Thank you Benzene, but I can't understand why there are two translations of water in Italian  What's that feminine singular and plural forms for?


----------



## Benzene

blue_jewel said:


> Thank you Benzene, but I can't understand why there are two translations of water in Italian  What's that feminine singular and plural forms for?



Hi blue_jewel!

*Singular and plural numbers exist In Italian since the root is Latin.
*
Bye,

Benzene


----------



## Kangy

^ Same in Spanish:

You can say *el agua* (singular) or *las aguas* (plural).
The plural form sounds a bit more poetic or elevated, and it usually refers to the water of a sea, a lake or something of the sort.


----------



## Setwale_Charm

Tamar said:


> How is it pronounced?


 
as *khee(y)* (short *ee* and slight *y* at the end)


----------



## Forero

I have heard that _uisge_ is the origin of English "whiskey".  What language is "Moshka Woda"?

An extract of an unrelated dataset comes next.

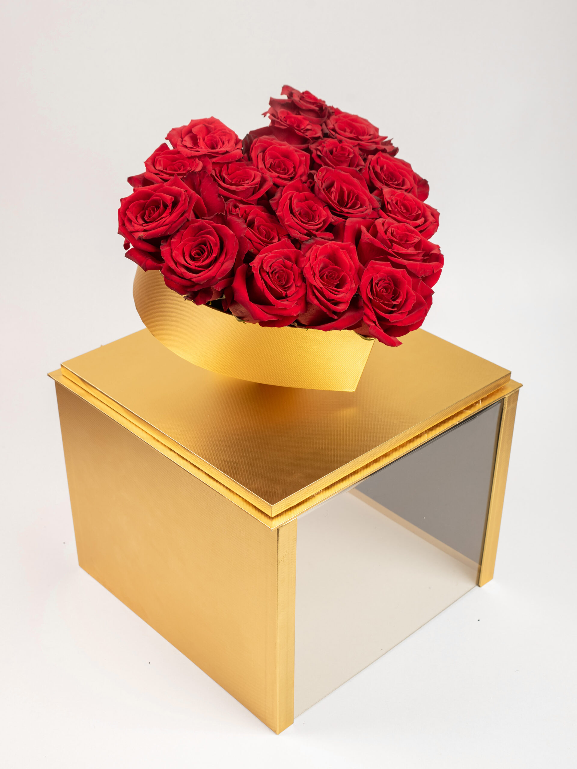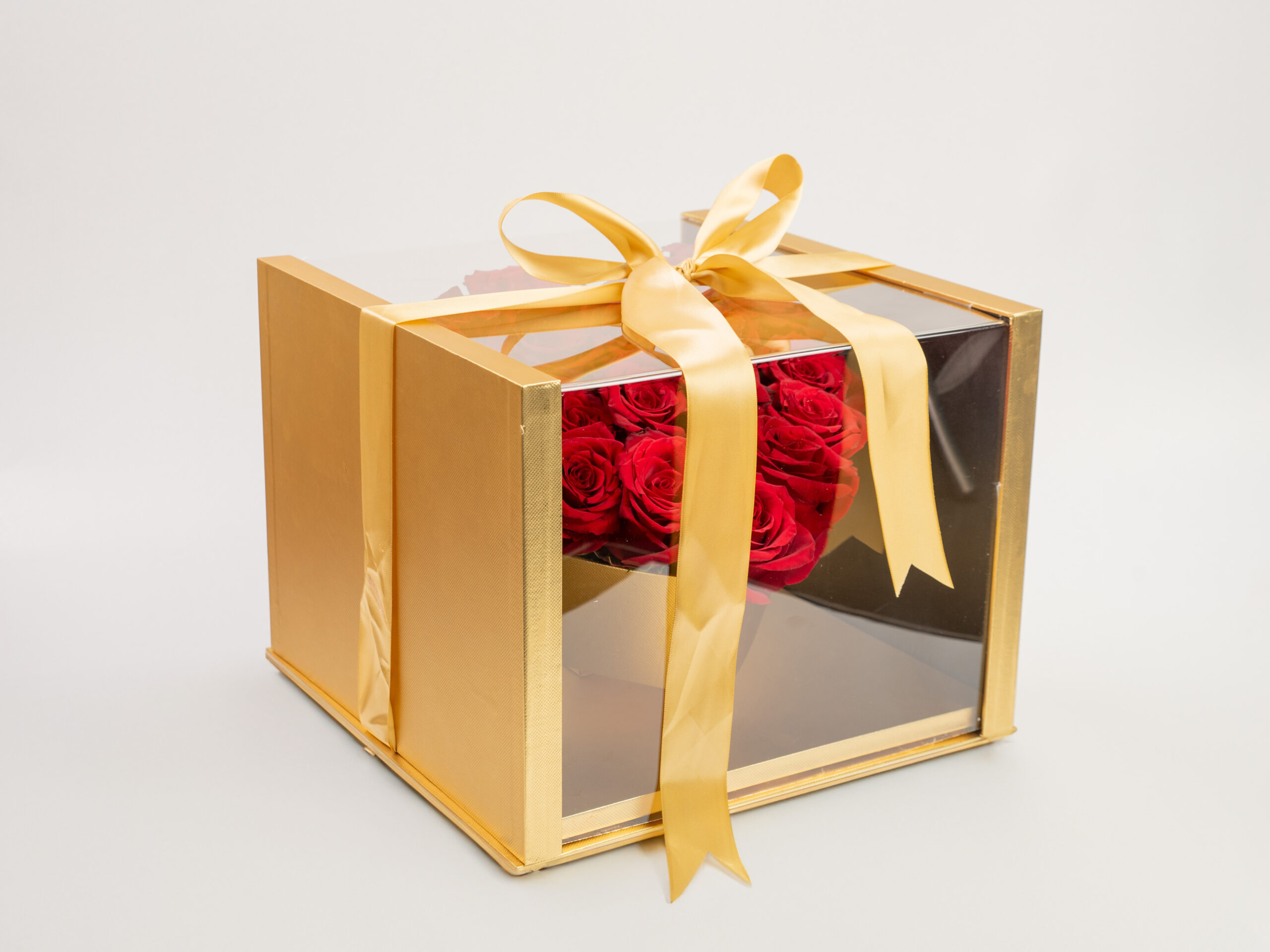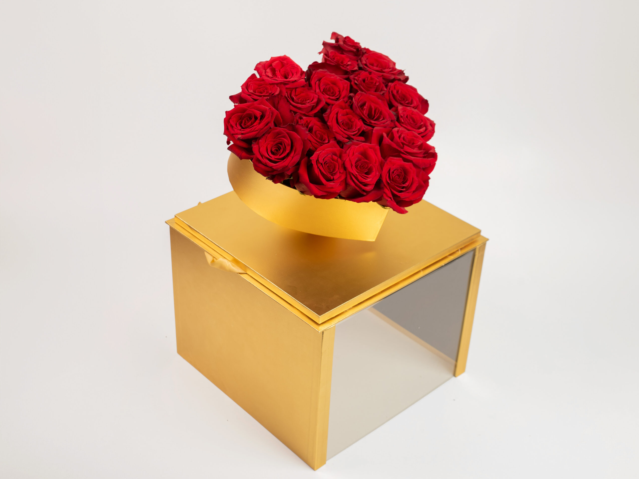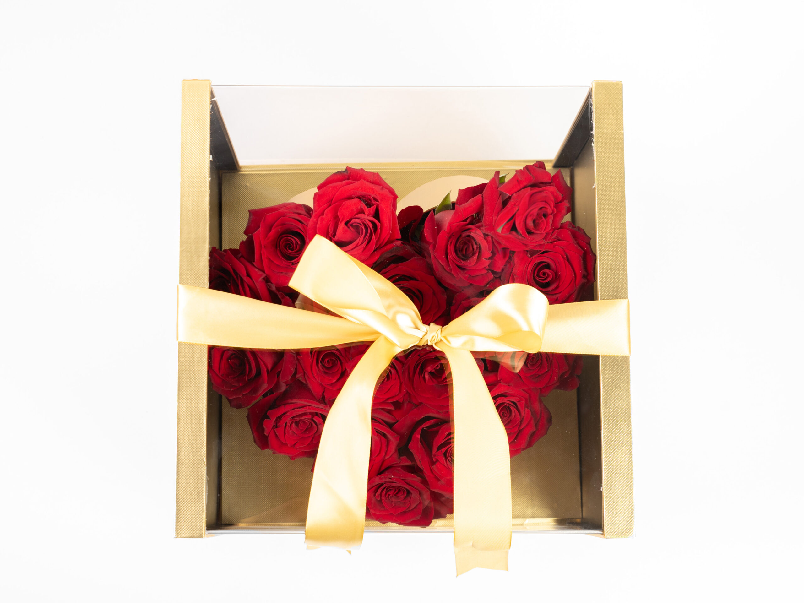 Caja con tope acrílico y corazón elevado surtido de 20 rosas importadas. Esta caja permite colocar bombones con costo adicional; solo especifícalo en el pedido indicando la cantidad deseada o agregándolo en el pedido.
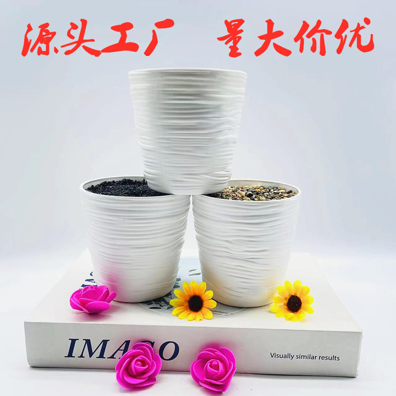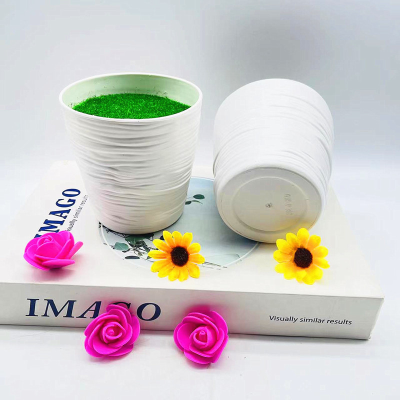 도매 시뮬레이션 화분 꽃꽂이 용기 플라스틱 화분 수평 패턴 둥근 냄비 화분 창조적 인 작은 냄비

"Water" in French: _eau_ (plural _eaux_).
German: _Wasser_.
Modern Greek: _neró_ (sorry I don't have Greek letters, but nu, epsilon, rho, omicron with an accent mark).
Ancient Greek: _hydor_ (combining from _hydro_).

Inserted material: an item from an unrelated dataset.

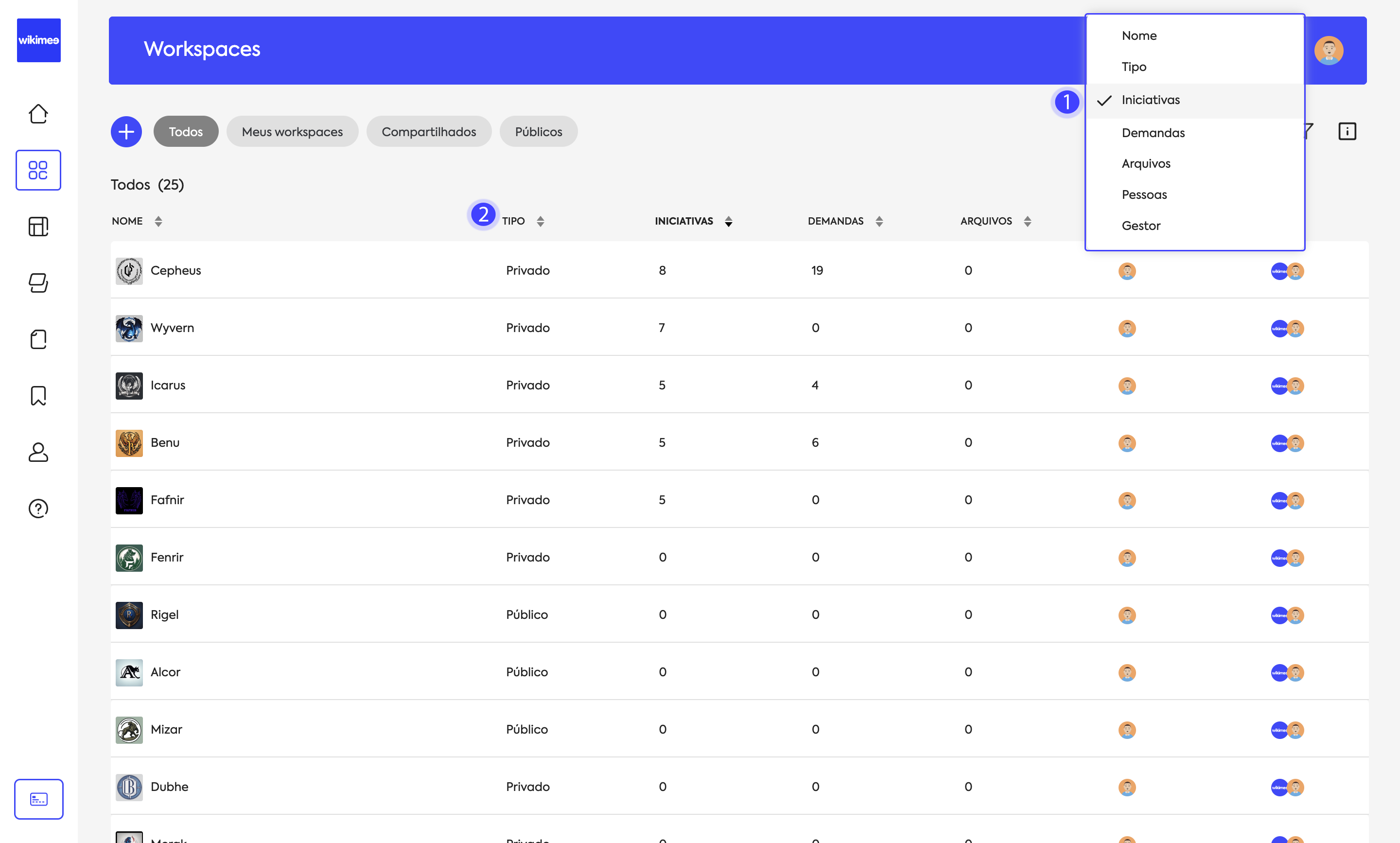 • Pessoas - Ordene pela quantidade de pessoas relacionadas a cada workspace.

Curiously, Spanish and English babytalk both have "wah-wah" (spelled _guagua_ in Spanish).


----------



## Setwale_Charm

Forero said:


> I have heard that _uisge_ is the origin of English "whiskey".

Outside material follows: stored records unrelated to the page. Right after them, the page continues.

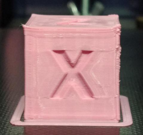 Eliminando il fattore stringing, le mie stampe continuavano ad avere altri problemi e quindi ho iniziato a stampare dei cubi di calibrazione come test. Allego uno dei test fatti e si può notare che i layers sono molto vistosi e privi di uniformità ed inoltre ci sono dei rialzi agli angoli.
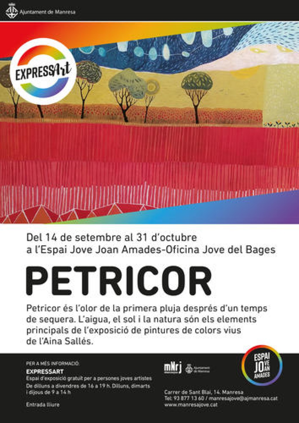 A partir d’avui es pot visitar a l’Espai Jove Joan Amades l'exposició de pintura ‘Petricor’, de la jove artista Aina Sallés Perramon. Petricor és l’olor de la primera pluja després d’un temps de sequera. L’aigua, el sol i la natura són els elements principals de l’exposició de colors vius que proposa l’artista.
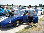 This A/GMR - engine size class "A", burns gasoline (not nitromethane or nitrous oxide or alcohol), modified roadster (not strictly duplicating a production roadster but with many similarities) is a good example of a specially-built car. Let's see -- big block motor, most likely Chevy. That tube that hooks into the headers is a vent from the crankcase so oil and other stuff that builds up down in there can be released into the atmosphere, but is mixed with the hot exhaust so it vaporizes instead of spraying oil on the track. Note the wing on the top of the roll cage -- the wing doesn't add too much drag, but does give some down force as speeds get higher, and that means more traction to reduce wheelspin at high speed. |
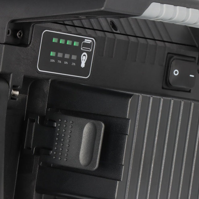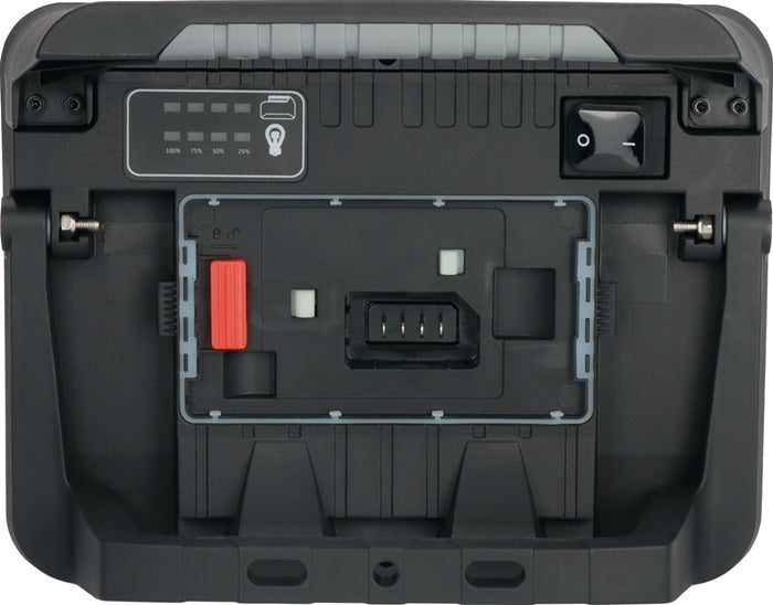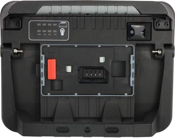 kompatibel mit verschiedenen 18V Akkus (verschiedene Ah Klassen) der Powertool-Hersteller Bosch Professional, Makita, Dewalt, Milwaukee, Metabo CAS, Festool, Flex · Schalter mit Funktion: 100% - 75% - 50% - 25% Licht · Leuchtdauer in Abhängigkeit des verwendeten Akkus, ca. 38 min/1 Ah bei 100 % Lichtleistung · Akku-Zustandsanzeige · Akkus sind vor Tiefenentladung und Überhitzung geschützt · LED Strahler mit Kippschutz, schützt Linse und Gehäuse des Strahlers · standfestes Gehäuse · flachliegend für eine großflächige Ausleuchtung · ergonomischer Griff · Ein/Aus Schalter · Mit leuchtstarken SMD LEDs · Stativmontage möglich
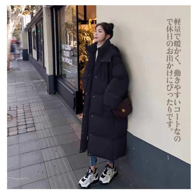 【ほっち】中綿コート レディース ロング丈 ロングダウンコート ダウンコート ダウンジャケット 超ロング 中綿ジャケット フード付き 無地 軽量 保温 防寒 防風 撥水 冬服 ハイネック あたっか ゆったり アウター 冬 暖かい シンプル 作業着 秋冬用 男女兼用 送料無料
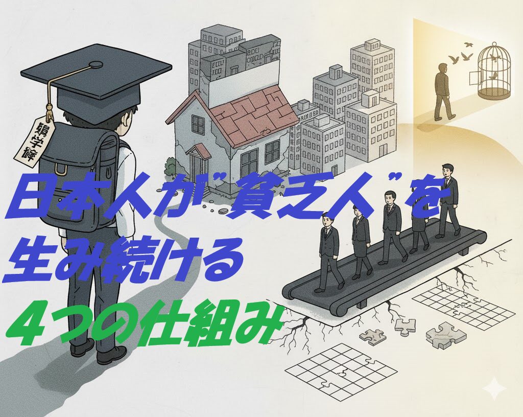 日本では、奨学金、住宅ローン、会社員最強説、金融リテラシーの欠如といった構造によって、多くの人が知らないうちに「自由に選べない人生」を歩むようになっています。
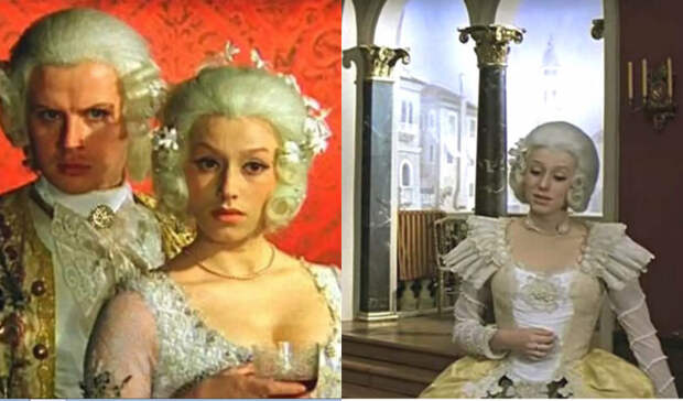 Слева — кадр из кинофильма «Остров сокровищ», справа — из фильма-спектакля «Принцесса на горошине» (1982)

That is true. Whiskey is literally called "fire water" in Gaelic.


*Karachaevo-Balkar:*

*suu*


*Ossetic:*

*don*


----------



## Setwale_Charm

*Albanian:*

*ujë*


----------



## bb3ca201

Forero said:


> I have heard that _uisge_ is the origin of English "whiskey". What language is "Moshka Woda"?
> 
> "Water" in French: _eau_ (plural _eaux_).
> German: _Wasser_.
> Modern Greek: _neró_ (sorry I don't have Greek letters, but nu, epsilon, rho, omicron with an accent mark).
> Ancient Greek: _hydor_ (combining from _hydro_).
> 
> Curiously, Spanish and English babytalk both have "wah-wah" (spelled _guagua_ in Spanish).


 
You're right.  The full origin of the word "whisky" (Scottish spelling; the Irish spell it "whiskey") is the Gaelic phrase "uisge-beatha", which means "water of life".  Curiously, that's how we still refer to whisky in Gaelic.  We can ask "A bheil thu ag òl uisge-beatha?" (Are you drinking whisky?).

And (I think; anybody who speaks Greek can correct me) the way to spell water in Greek is νερό.


----------



## kusurija

Czech:
voda
Lithuanian:
vanduo (GEN.:vandens..cf with Latvian)
Latin:
aqua
Japanese: 
[mizu](sorry, I can't write characters in this moment)


----------



## avok

Turkish:

Su


----------



## franz rod

Hittite:
Watar


----------



## Forero

Olde Englisc: _wæter

_


----------



## Nizo

The *Esperanto* word is *akvo*, clearly from the Latin root.


----------



## olivinha

_Água_ (and _águas_ in its plural form) in Portuguese:
a água
as águas


----------



## mataripis

De pa Dumaget: _E Orat_


----------



## apmoy70

bb3ca201 said:


> You're right.  The full origin of the word "whisky" (Scottish spelling; the Irish spell it "whiskey") is the Gaelic phrase "uisge-beatha", which means "water of life".  Curiously, that's how we still refer to whisky in Gaelic.  We can ask "A bheil thu ag òl uisge-beatha?" (Are you drinking whisky?).
> 
> And (I think; anybody who speaks Greek can correct me) the way to spell water in Greek is νερό.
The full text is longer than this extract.